Study material Block Start

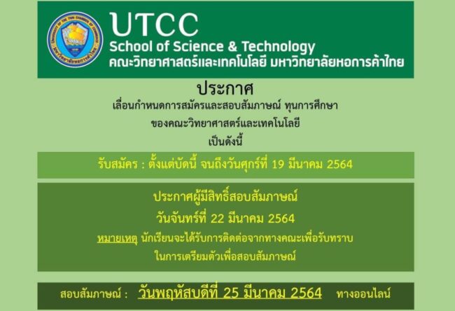 คณะวิทยาศาสตร์ฯ เลื่อนการสมัครและสอบสัมภาษณ์ทุนการศึกษา #Dek64
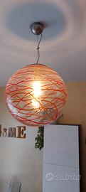 lampadario in vetro decorato trasparente e rosso, circa 50 cm di diametro
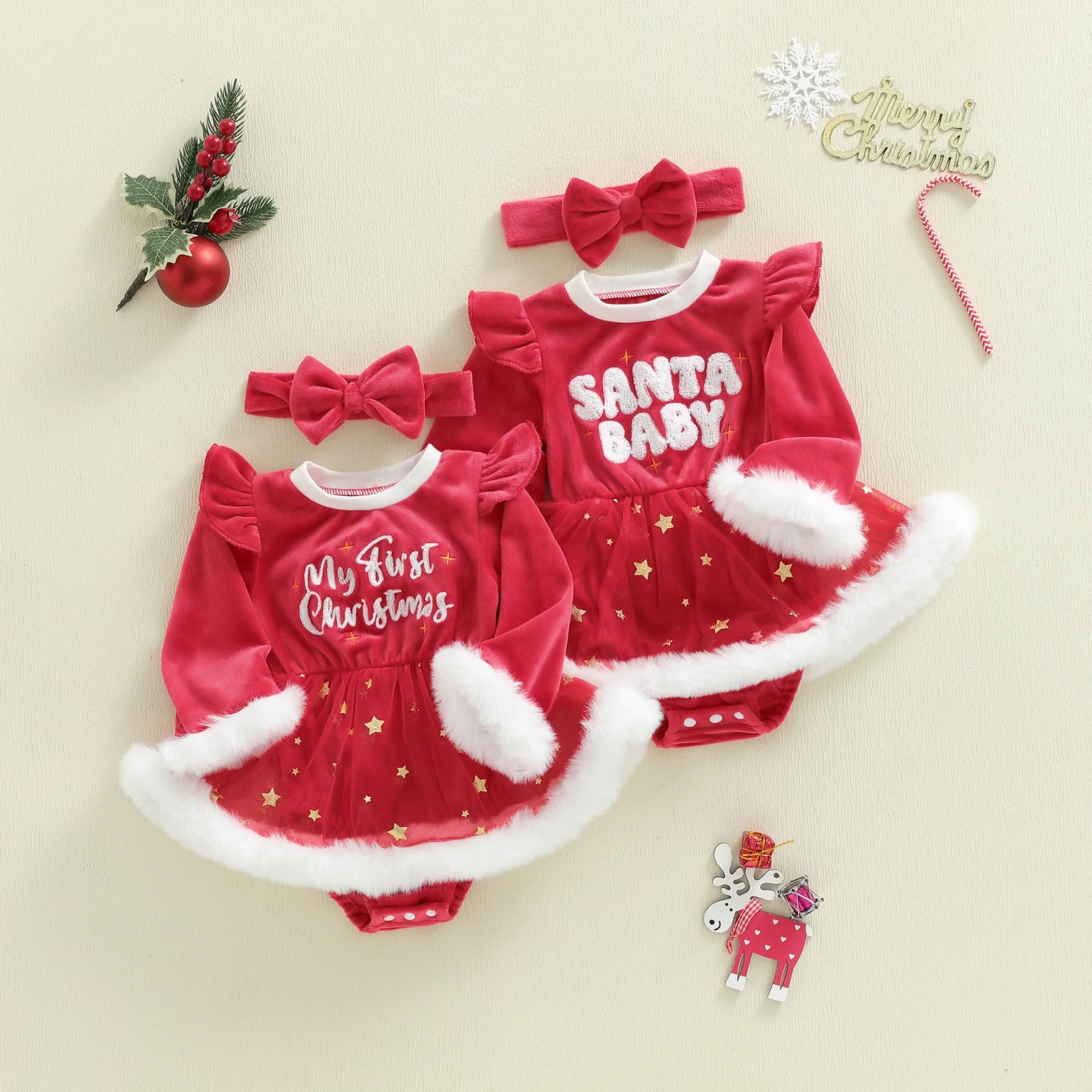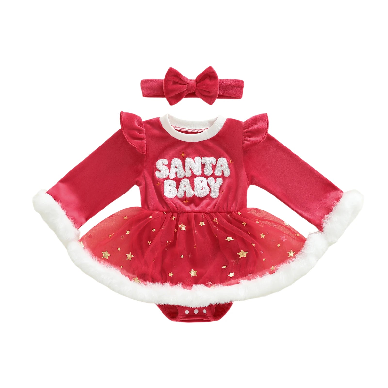 Niemowlęce body świąteczne z sztucznym futerkiem i opaską
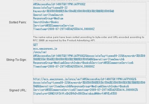 Product Advertising API Signed Requests Helper というツールが提供されており(Web もしくは ダウンロード)、これを確認すると、上記署名の作成手順の途中経過が、順を追って確認できるようになっている。
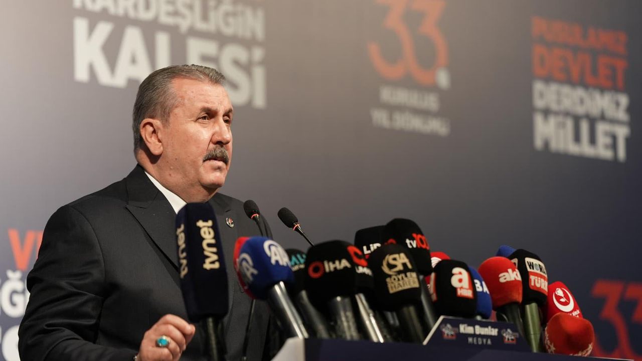 Destici, sözlerine şöyle devam etti; “Türk Milleti, tüm köken, inanç ve düşünce farklılıklarıyla birlikte bir bütündür ve kardeştir. Hepimiz bir milletiz; o milletin ortak adı da büyük Türk Milletidir. Birliğin ve kardeşliğin muhafazası için mücadele edeceğiz, birliğimizi ve kardeşliğimizi koruyacağız. Kimsenin bozmasına müsaade etmeyeceğiz. Terör örgütünün kurdurduğu sözde partilerin temsilcileri, katıldıkları toplantılarda, her dönemde ve buldukları her fırsatta İstiklal Marşımıza saygısızlık yaptılar. TBMM kürsüsünden defalarca milletimize, devletimize, tarihimize, inançlarımıza ve değerlerimize hakaret ettiler. Hiçbir devlet, varlığını, birliğini, bütünlüğünü hedef alan terör örgütlerine bu ölçüde bir müsamahayla davranmaz, davranamaz. Devletler suçla, suç örgütleriyle, ihanetle, hainlerle müzakere etmez, mücadele eder; suçluları yakalar ve etkisiz hale getirir, yoksa devlet var olmaz. Milletimize, devletimize, vatanımıza düşmanlık edenler, hiç tereddüt etmeden ve milletimizde hiçbir şüpheye yer bırakılmadan, hak ettikleri muameleyi mutlaka görmelidirler. Başka millete, başka devlete, başka bayrağa bağlı olanların tümünün, eğitim, sağlık, çalışma, mülk edinme başta olmak üzere, vatandaşlık haklarından faydalanmaları engellenmelidir. Başka millete, başka devlete, başka bayrağa bağlı olanların tümü, nereye bağlılarsa oraya deport edilmelidir. Dünya var olduğu sürece biiznillah bu asil Müslüman Türk Milleti var olacaktır. Dünya üzerinde Türk Milletinin tek bir ferdi yaşadığı sürece Allah’ın inayetiyle al yıldızlı al bayrağımız yere düşmeyecektir. Çünkü bu bayrak 10 asırdan fazla bir süre İlay-ı Kelimetullah yolunda İslam’a ve Müslümanlara gölge olmuş ve sancaktarlık yapmıştır. Kendi tarihiniz olmadığı için Türk’ün tarihini yağmalamaya çalışıyorsunuz. Kendi kültürünüz olmadığı için Türk’ün efsanelerine çöküyorsunuz. Buna da hiç utanmadan çekinmeden öz gardaşımız olan Müslüman Kürt kardeşlerimizi alet etmeye çalışıyorsunuz. Ama Kürt kardeşlerimizde bunların gerçek yüzünü gördü. Bunlar asla Kürtlerin temsilcisi değil. Buradan, Büyük Birliğin 33’üncü yılında bu hainlerin yüzüne bir kez daha haykırıyorum. Siz sadece bebek katili değilsiniz. Siz sadece vatan haini değilsiniz. Siz hem terörist hem de hırsızsınız. Tarih hırsızısınız, kültür hırsızısınız. Ama yağma yok. Alperenler burada. Canımızı veririz, kanımızı veririz ama ne bir çakıl taşımızı ne de bir tel saçımızın hatırasını size çiğnetmeyiz. O kirli ellerinizi tarihimizin üzerinden çekin.”

Study material Block End

Activity: With the pictures omitted, copy exactly the lines of the listing above starting at the line containing "lampadario in vetro" and ending at the line containing "Product Advertising API", both included.

Task answer:
 lampadario in vetro decorato trasparente e rosso, circa 50 cm di diametro
 Niemowlęce body świąteczne z sztucznym futerkiem i opaską
 Product Advertising API Signed Requests Helper というツールが提供されており(Web もしくは ダウンロード)、これを確認すると、上記署名の作成手順の途中経過が、順を追って確認できるようになっている。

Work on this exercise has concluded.